Breaking Kirchhoff's Law in Nonlinear Thermal Emission

TL;DR

This paper demonstrates broadband nonreciprocal thermal radiation by breaking Kirchhoff's law via nonlinear optical frequency conversion, enabling advanced thermal management applications such as cooling and energy harvesting.

Contribution

It introduces a novel experimental method to achieve broadband nonreciprocal thermal emission by breaking Kirchhoff's law through nonlinear optical processes in scattering media.

Findings

Successful demonstration of nonreciprocal broadband thermal radiation.

Evidence of active radiation cooling via nonlinear thermal emission.
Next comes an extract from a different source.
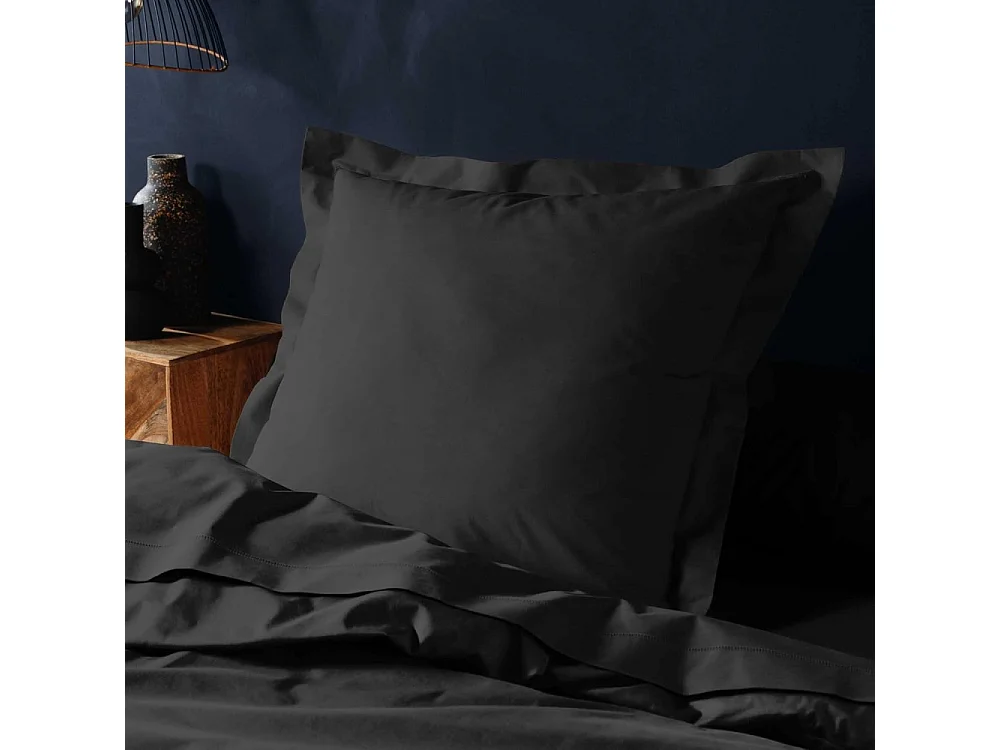 Taie d'oreiller en coton 57 fils 50x70 cm UNI noir, par Soleil d'ocre

Potential applications in thermal management and infrared camouflage.

Abstract

Thermal radiation is strictly governed by Kirchhoff s law to reach thermal equilibrium. The violation of Kirchhoff s law decouples nonreciprocally the equity between absorptivity and emissivity, enabling exotic thermal engineering applications. However, achieving broadband nonreciprocal thermal emissivity and absorptivity remains a challenge. Here we experimentally demonstrate nonreciprocal and broadband thermal radiation by breaking Kirchhoff s law through nonlinear optical frequency conversion in a scattering medium. Thermal blackbody radiation is upconverted through sum-frequency generation with an intense infrared pump, while broadband conversion is enabled by the critical random quasi-phase-matching condition in the nonlinear nanocrystals. Moreover, a temporal transient measurement also indicates a possible active radiation cooling through such nonlinear thermal radiation. These results may pave a new way for nonlinear and active thermal management in critical applications like radiation cooling, energy harvesting, and infrared camouflage.